3. all-on-all binding study

4. facilitate ligand screening

II. High-Throughput Structure Determination
1. structure of protein therapeutics

2. structure of disease genes

3. -

4. infrastructure for X-ray crystal and NMR structure analysis

III. High-Throughput biophysical / functional characteristics (* Very critical for flushing out the value of this project - my own opinion is that this is a significant potential value of NMR)
1. X-ray fluorescence

2. CD etc.

IV. Bioinformatics Databases
Main value - to invigorate structure-based biomedical research in general.

Q: M. Cassman - Why use broad approach, rather than choosing thing with already characterized functions?

Q: T. Blundell - Have to describe "level of function" relevant to discussion

Q: T. Terwilliger - in answer to M. Cassman's question, when you need the structure later - it is already done. Thinks the most difficult part of this project is getting the protein itself - need to think very hard about this.

S. Burley: 80% of effort is in getting samples and crystallography

Greg Petsko - Pharmaceutical Applications
Funding scientists of _________, a startup pharma company

In drug development -

1/2 time getting to clinical target

1/2 time in clinical trials

All human-gene directed drugs targeted to 500 genes; 60% hit G-coupled membrane-bound receptors

Less than 200 classes of pathogen-gene targets

Most drug development is not structure-based in early stage-use instead combinatorial libraries. Structures could help in defining these libraries.

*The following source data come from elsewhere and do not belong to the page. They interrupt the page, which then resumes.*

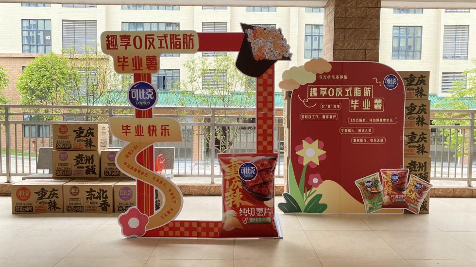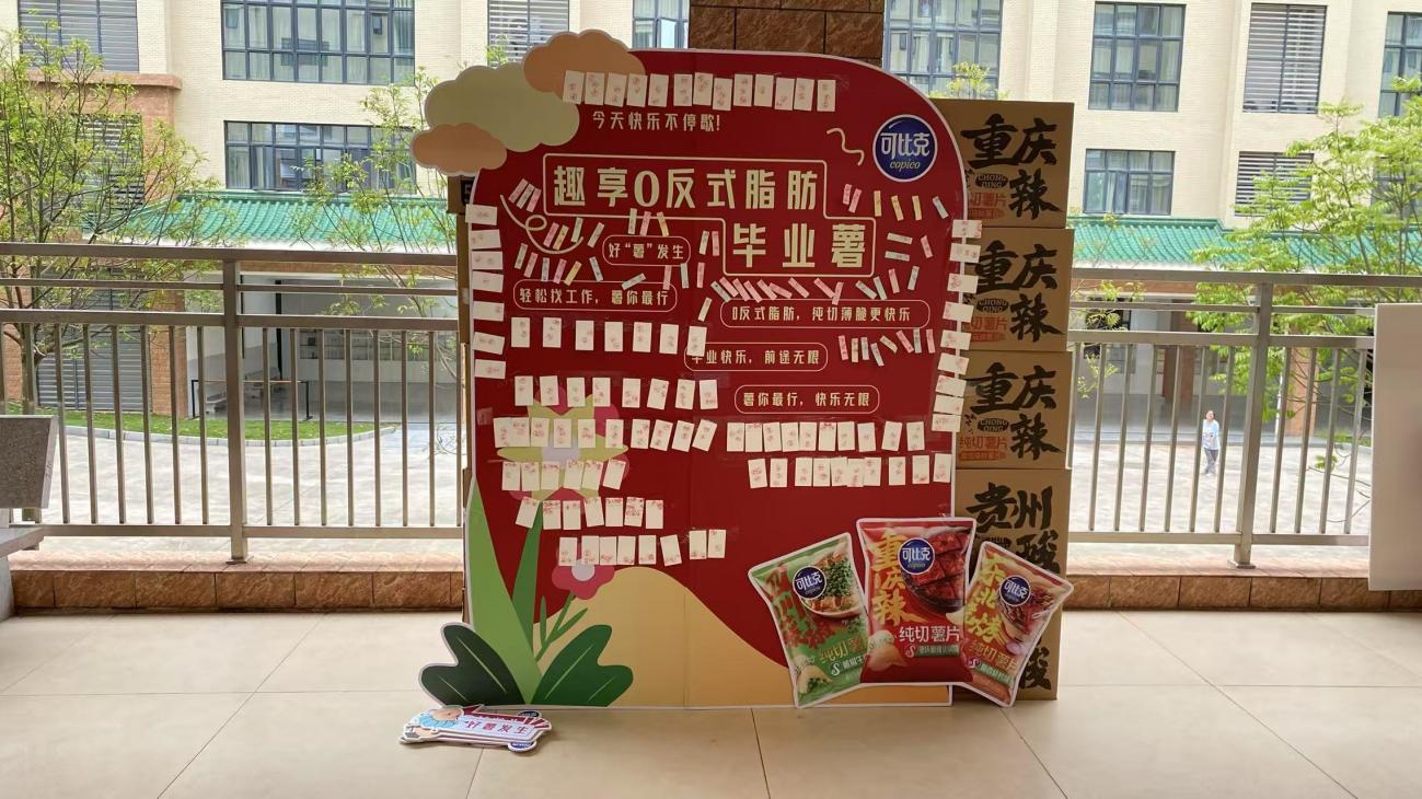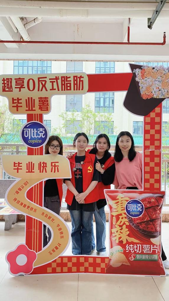 活动当天,现场气氛热烈非凡。“欢乐制造机”团队,团队负责人林栩,团队成员刘欢欢、钟娅楠,在指导老师徐苗老师的带领下,凭借独特的创意构思和丰富有趣的游戏活动吸引了众多师生参与,为校园带来了一场精彩纷呈的创意盛宴。结合校园场景展开创意游戏,团队以“趣享0反式脂肪毕业薯”为核心主题,通过薯片猜猜猜、舌尖捉迷藏、投壶争霸赛等环节,将产品“薄脆口感”与“0反式脂肪”健康理念融入沉浸式体验。活动吸引超千名师生参与,成功传播品牌。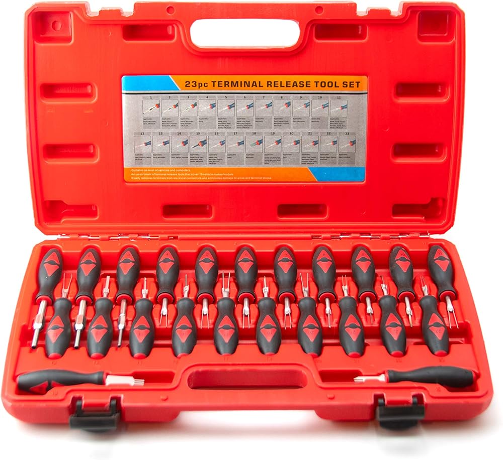 Perfect for removing terminals from coolant sensors,wiring harness connectors and terminal blocks. Easy to use and to operate at affordable prices. A perfect helper for cars electricians or mechanics Case Color: red Carry Case Size: 35.5*25.5*5.5cm Material: stainless steel + soft grip plastic handle Features: Professional automotive connector terminal release set. A carry case for portable taken and so convenient. Wide range of applications and universal fit for most auto in the market. Remove barbed terminals from terminal blocks. Ergonomic design for comfortable handling. In Package: 23x Cars Terminal Release Tool 1x Carry Case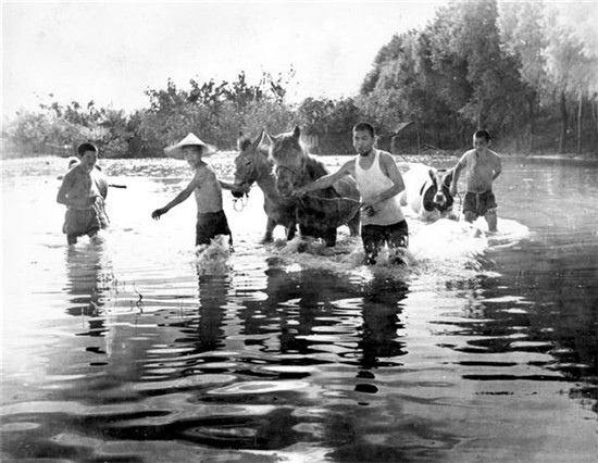 “75·8”大洪水西華、項(xiàng)城受災(zāi)最為嚴(yán)重,災(zāi)區(qū)的村民把牲畜趕到大堤上。(圖片來源:劉明和)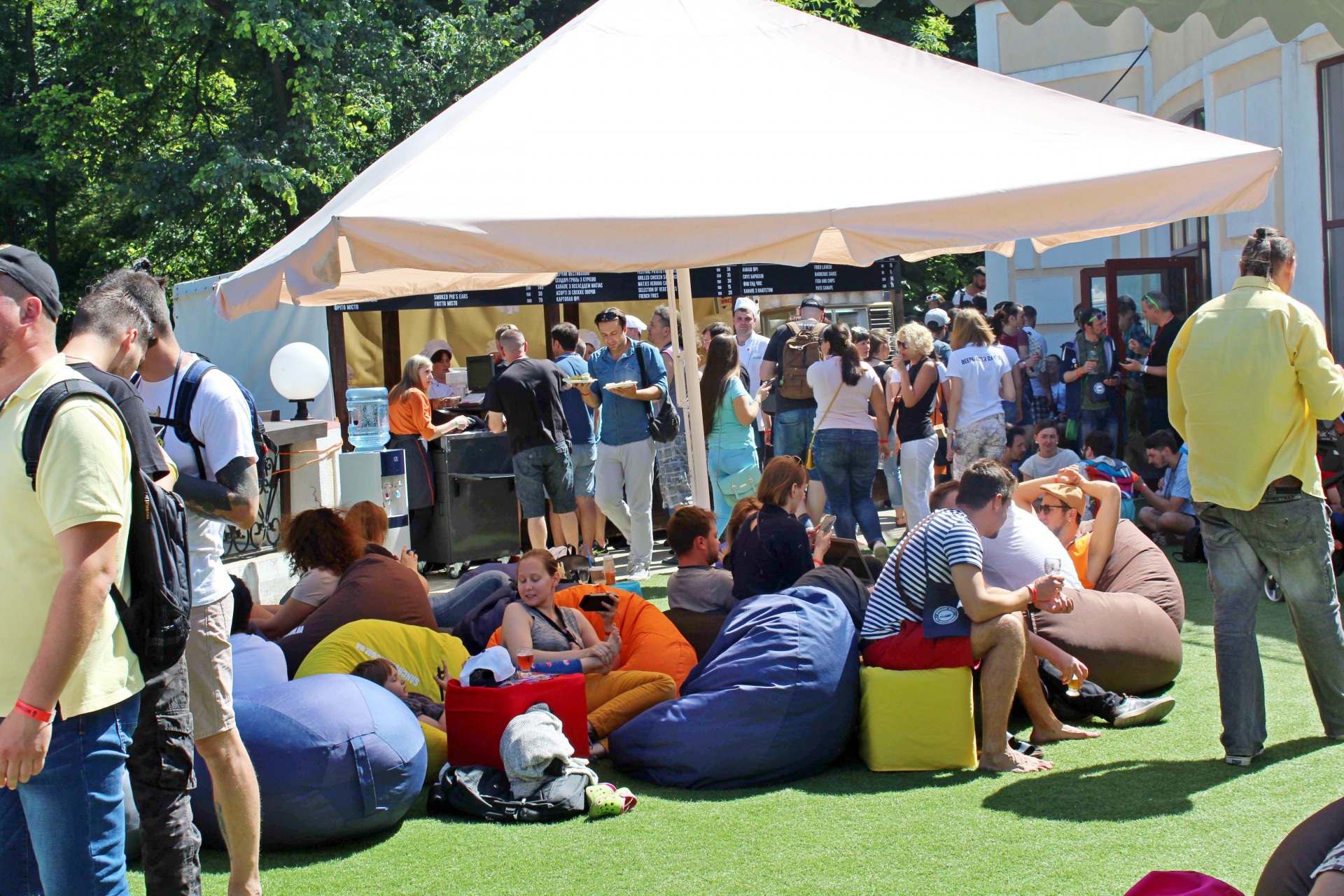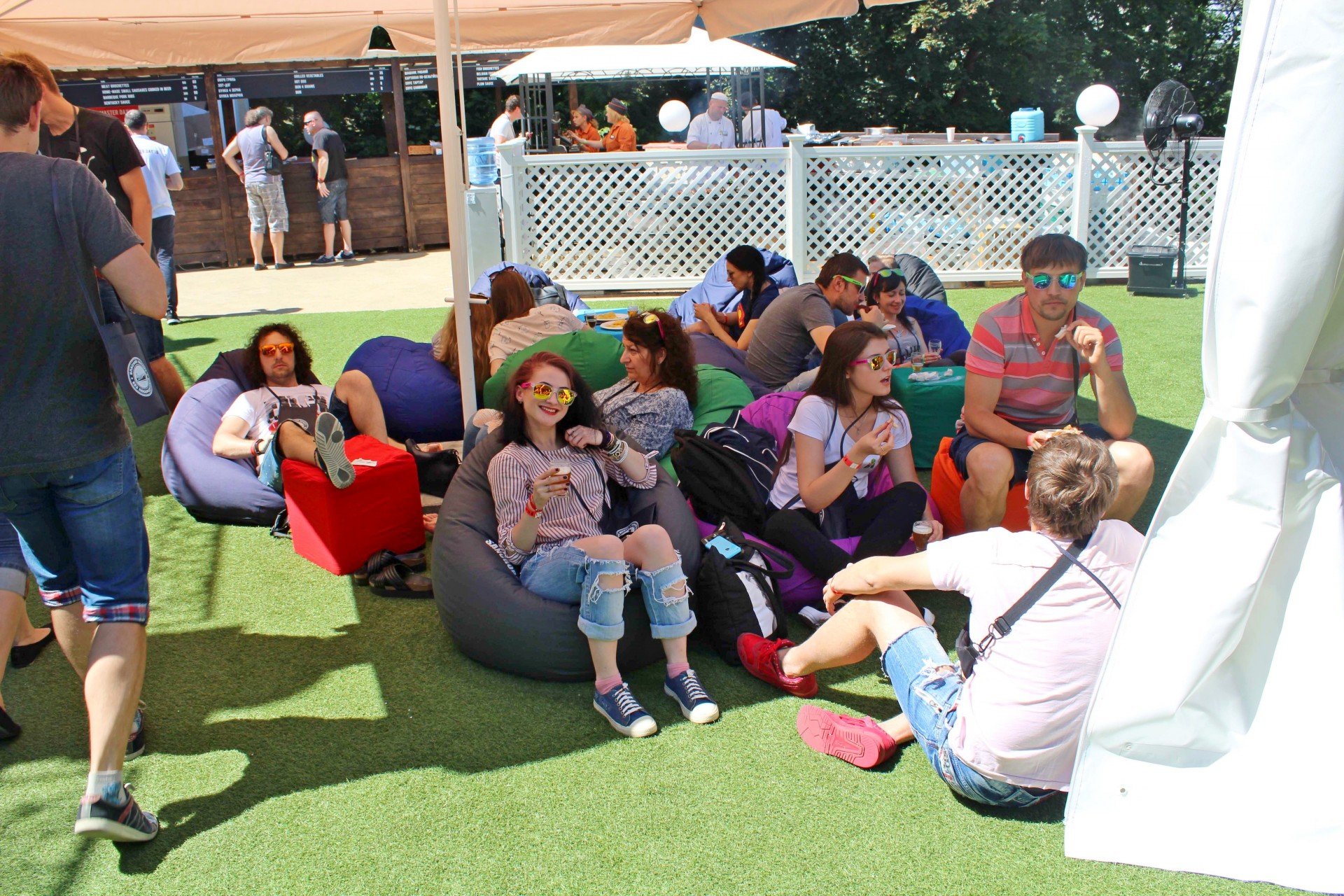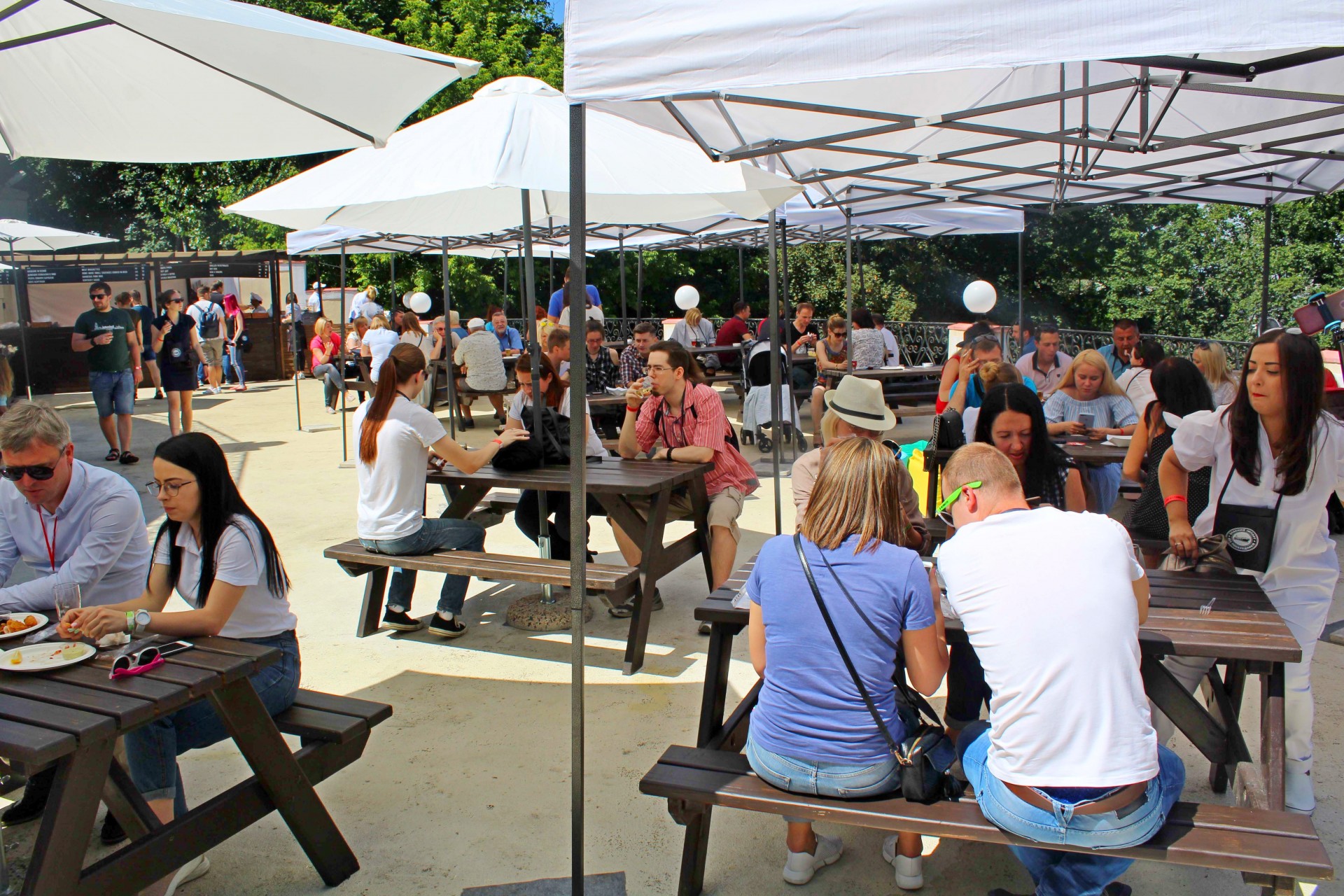 Частина гостей розмістилася на літніх майданчиках, на яких можна було знайти фуд-корт зі столиками і пуфиками.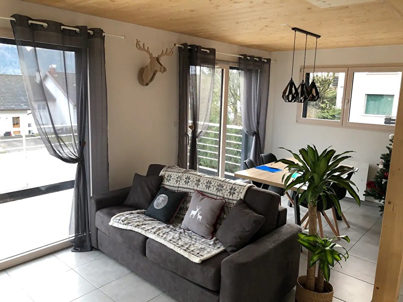 Dieses Haus in Holzrahmenbauweise befindet sich in idealer Lage auf den Höhen von Morbier und besteht im ersten Stock aus einem Wohnraum mit ausgestatteter Küche, die sich zum Esszimmer und Wohnzimmer (mit Schlafsofa für 2 Personen) öffnet, und einem WC. Im zweiten Stock befinden sich zwei Schlafzimmer, das erste mit einem Doppelbett (160x200) und das zweite mit zwei Einzelbetten (90), die alle sehr komfortabel sind, sodass Sie nach einem Tag auf der Piste wieder in Form kommen können. Jedes Zimmer verfügt über große Fenster mit direktem Blick auf das Dorf Morbier, das Bielatal und das Massif de la Dôle, alles in einem Bergdekor, das Holz und Modernität vereint, Badezimmer mit Dusche und WC. Außen befindet sich eine Terrasse( vom Esszimmer aus zugänglich) mit einem atemberaubenden Blick auf das Bergmassiv, die mit Gartenmöbeln, Liegestühlen und einem Grill ausgestattet ist. Die Langlauf- und Abfahrtspisten sind nur 2 km entfernt: Die Station Les Marais in Morbier ist ideal zum Lernen oder für Skianfänger, für die erfahreneren Skifahrer bietet die Station Les Rousses ein großes Skigebiet sowohl für Langlauf- als auch für Abfahrtsski. Sie können auch das Brillenmuseum in Morez und das Zentrum Paul Emile Victor (Museum und Eislaufbahn) in Prémanon entdecken und einen Tagesausflug in die Schweiz unternehmen. Die Eigentümer Jean-Charles und Aurélie stehen Ihnen gerne mit Rat und Tat zur Seite, wenn Sie Fragen zu Sehenswürdigkeiten, Skigebieten usw. haben. Weitere Informationen: Schleuse im Erdgeschoss, um Ihre Skier, Schneeschuhe, Fahrräder zu lagern ... der Zugang zur Unterkunft erfolgt dann über eine Treppe von etwa 15 Stufen: Sie kommen in einen Raum mit Waschmaschine und Trockner, können Sie auch Ihre Sachen (Kleidung, Einkäufe, Koffer ...) zu lagern.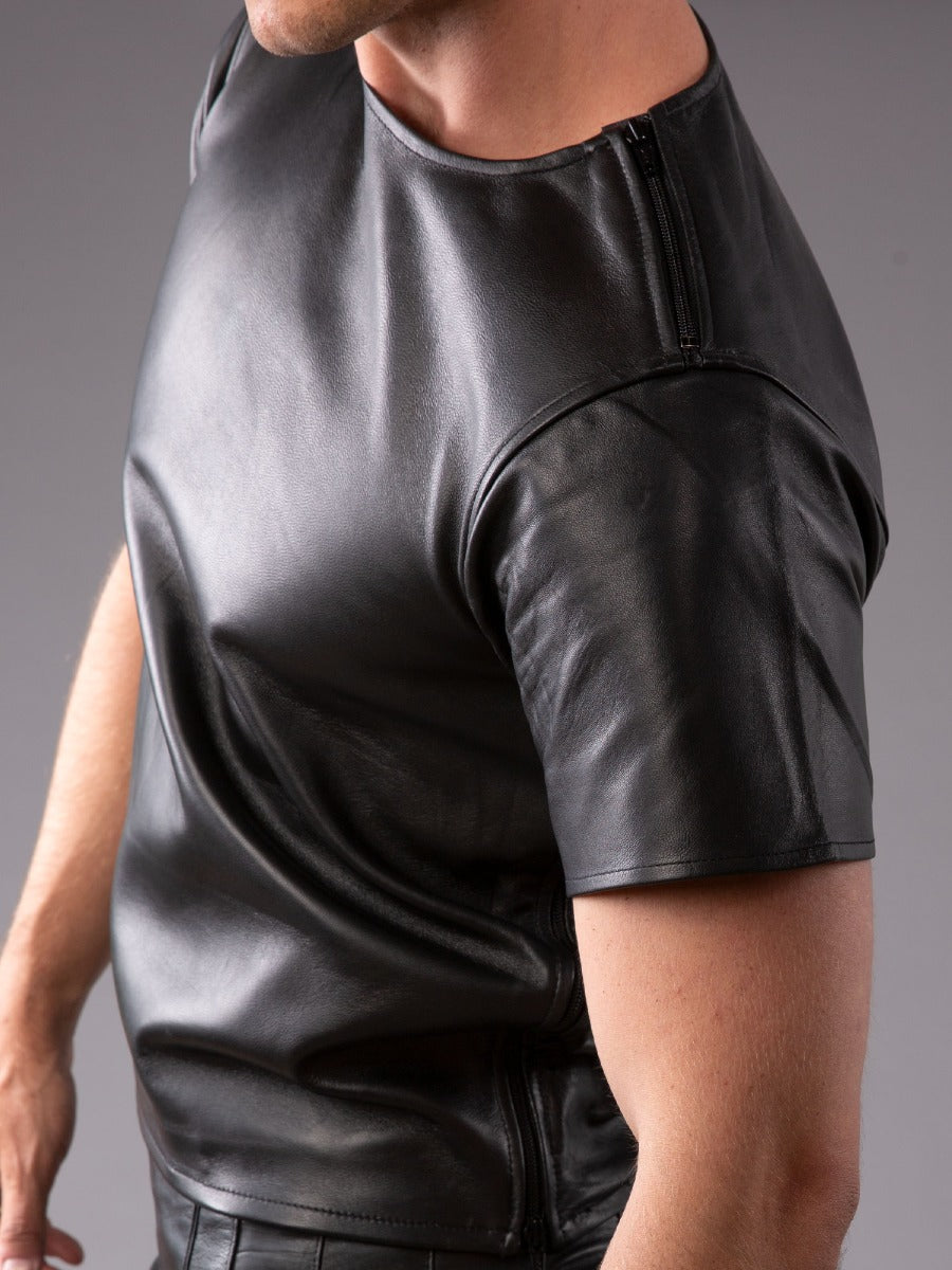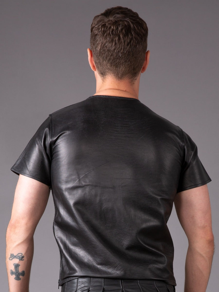 Round Neck Premium Leather T-Shirt - Black - Honour Clothing

From lead compound to drug; not a lot of role for structure.

I warn you against overselling the value of structural genomics in pharmaceutical design - structure has limited value in pharmaceutical development

Can possibly be valuable to assign function and folds.

Many times - proteins can serve multiple functions.

Structures can provide useful clues regarding how to design compound libraries for screening.

Q: B. Honig - Computational tools for deducing function from structure are developing. Need many more structures.

Q: W. Hul - It may be impossible to measure the value of a structural genomics project. Structures of human proteins will be very valuable for designing pathogen-specific molecules.

Leigh English - Agricultural Applications

1. Broad public utility

2. Value to health and agriculture

3. Class of proteins that can utilize structural information

4. Accessible to M.A.D. - __________ - aided design

Nice discussion regarding examples of using 3D structures of proteins to engineer better toxins and other agriproducts.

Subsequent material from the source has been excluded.